Records drawn from a dataset:
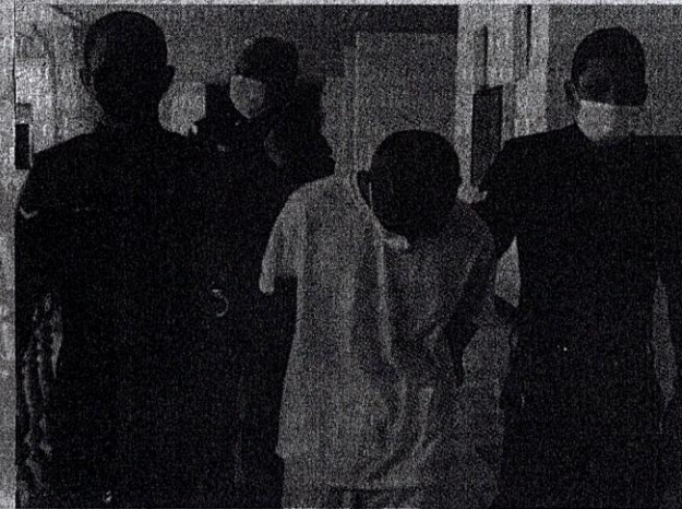
REMAJA yang diperintah menjalani pemulihan di Sekolah Henry Gurney atas kesalahan amang seksual.

Lin pernah memenangi pingat gangsa dalam acara berpasukan pada Sukan Asia 2006.
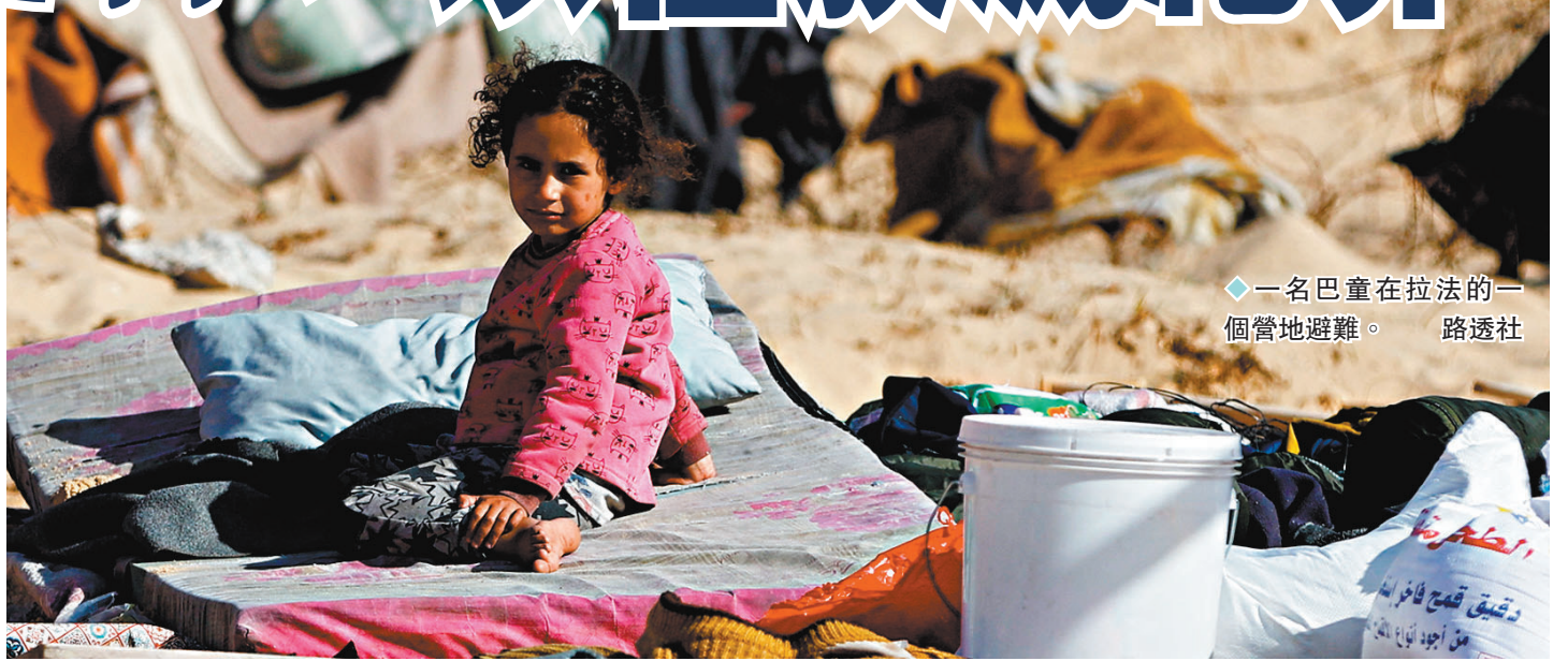
一名巴童在拉法的一個營地避難。

新一輪巴以衝突已造成加沙地帶逾2.3萬巴人平民死亡，其中70%據信為婦孺，流離失所的巴人達190萬，佔當地人口約85%。《衛報》分析稱，對於國際法院可能頒布的臨時禁令或最終裁決，以色列可以故意不執行，但這一做法勢必嚴重損害以色列和美國的國際聲譽。
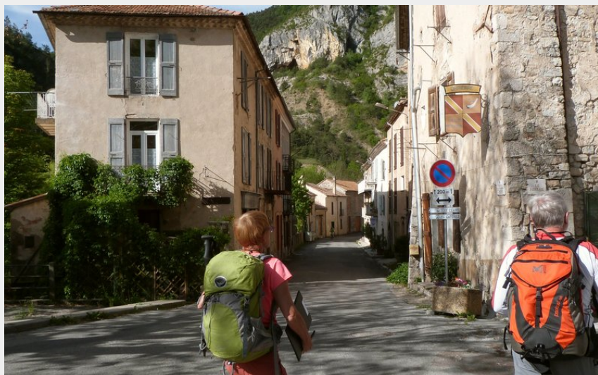
Dans les ruelles du village d'Orpierre (CDRP05)

- [About this exercise]: What you return must match, character for character, the lines above from the one with "Lin pernah memenangi" through the one with "新一輪巴以衝突已造成加沙地帶", minus any pictures.

- [Solution to the problem]:
Lin pernah memenangi pingat gangsa dalam acara berpasukan pada Sukan Asia 2006.
一名巴童在拉法的一個營地避難。

新一輪巴以衝突已造成加沙地帶逾2.3萬巴人平民死亡，其中70%據信為婦孺，流離失所的巴人達190萬，佔當地人口約85%。《衛報》分析稱，對於國際法院可能頒布的臨時禁令或最終裁決，以色列可以故意不執行，但這一做法勢必嚴重損害以色列和美國的國際聲譽。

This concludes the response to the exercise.